CHICAGO — Chicago aldermen said Tuesday that they aren’t willing to place their bets on a city sportsbook, despite the backing of Mayor Lori Lightfoot.
On Tuesday, key stakeholders put their cards on the table during a committee hearing that ended abruptly without a final vote. As a wall of opposition builds, city council members weighed in on the pros and cons of the measure.
“What is in it for the Black people?” asked Ald. David Moore (17TH Ward).
“Five folk,s which are very wealthy, are going to get even more wealthy without having a direct impact on minorities,” said Ald. George Cardenas (12th Ward).
The measure would allow Wrigley Field, Guaranteed Rate Field, Soldier Field, United Center and Wintrust Arena to run sportsbooks. Ald. Walter Burnett (27th Ward) introduced the measure so that Chicago could get in on the emerging market.
“We would start getting money immediately with the sports facilities rather than waiting for a casino to be built,” Burnett said.
The taxes are a contentious subject. Revenues are taxes at 15% for the state and 2% for Cook County. Under the proposed ordinance, Chicago would impose its own 2% on gross revenues.
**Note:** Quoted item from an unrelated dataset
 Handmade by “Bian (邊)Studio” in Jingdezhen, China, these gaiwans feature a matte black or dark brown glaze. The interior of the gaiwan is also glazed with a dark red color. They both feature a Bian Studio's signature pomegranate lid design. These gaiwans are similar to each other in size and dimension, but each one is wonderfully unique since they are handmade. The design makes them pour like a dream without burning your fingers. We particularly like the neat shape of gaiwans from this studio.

Mayor Lightfoot backs the tax.
“Any infrastructure work that’s required, any regulatory oversight, we need to make sure that there are sufficient resources for us to be able to do it,” Lightfoot said.
Chicago’s future casino is complicating sports betting, however.
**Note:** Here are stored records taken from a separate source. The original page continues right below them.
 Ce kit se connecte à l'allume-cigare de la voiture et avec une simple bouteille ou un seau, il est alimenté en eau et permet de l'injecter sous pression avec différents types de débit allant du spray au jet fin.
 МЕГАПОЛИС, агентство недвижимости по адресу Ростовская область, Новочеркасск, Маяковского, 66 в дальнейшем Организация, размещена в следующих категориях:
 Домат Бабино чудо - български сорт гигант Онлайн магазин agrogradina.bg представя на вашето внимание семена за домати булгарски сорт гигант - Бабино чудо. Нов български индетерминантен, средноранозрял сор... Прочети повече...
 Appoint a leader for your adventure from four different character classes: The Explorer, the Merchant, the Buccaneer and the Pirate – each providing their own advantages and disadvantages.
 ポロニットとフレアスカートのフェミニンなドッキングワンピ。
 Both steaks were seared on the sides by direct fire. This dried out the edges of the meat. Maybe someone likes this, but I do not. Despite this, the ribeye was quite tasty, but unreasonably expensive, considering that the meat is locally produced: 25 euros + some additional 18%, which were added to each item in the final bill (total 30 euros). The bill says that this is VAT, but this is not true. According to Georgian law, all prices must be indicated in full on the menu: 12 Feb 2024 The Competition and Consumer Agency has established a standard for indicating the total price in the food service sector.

“We should hold off on this until we get the casino up and going,” said Ald. Anthony Beale (9TH Ward).
Gaming companies have raised concern that sportsbooks at the five stadiums would cut into revenue from the casino.
Last month, Casino magnate Neil Bluhm of Rush Street Gaming warned City Council.
“Less people will come to the Chicago casino when they can bet on sports at the stadium,” Bluhm said.
The Council will need to keep negotiating sports betting, and as they argue, the city will continue to wait for revenue from the new sports betting industry.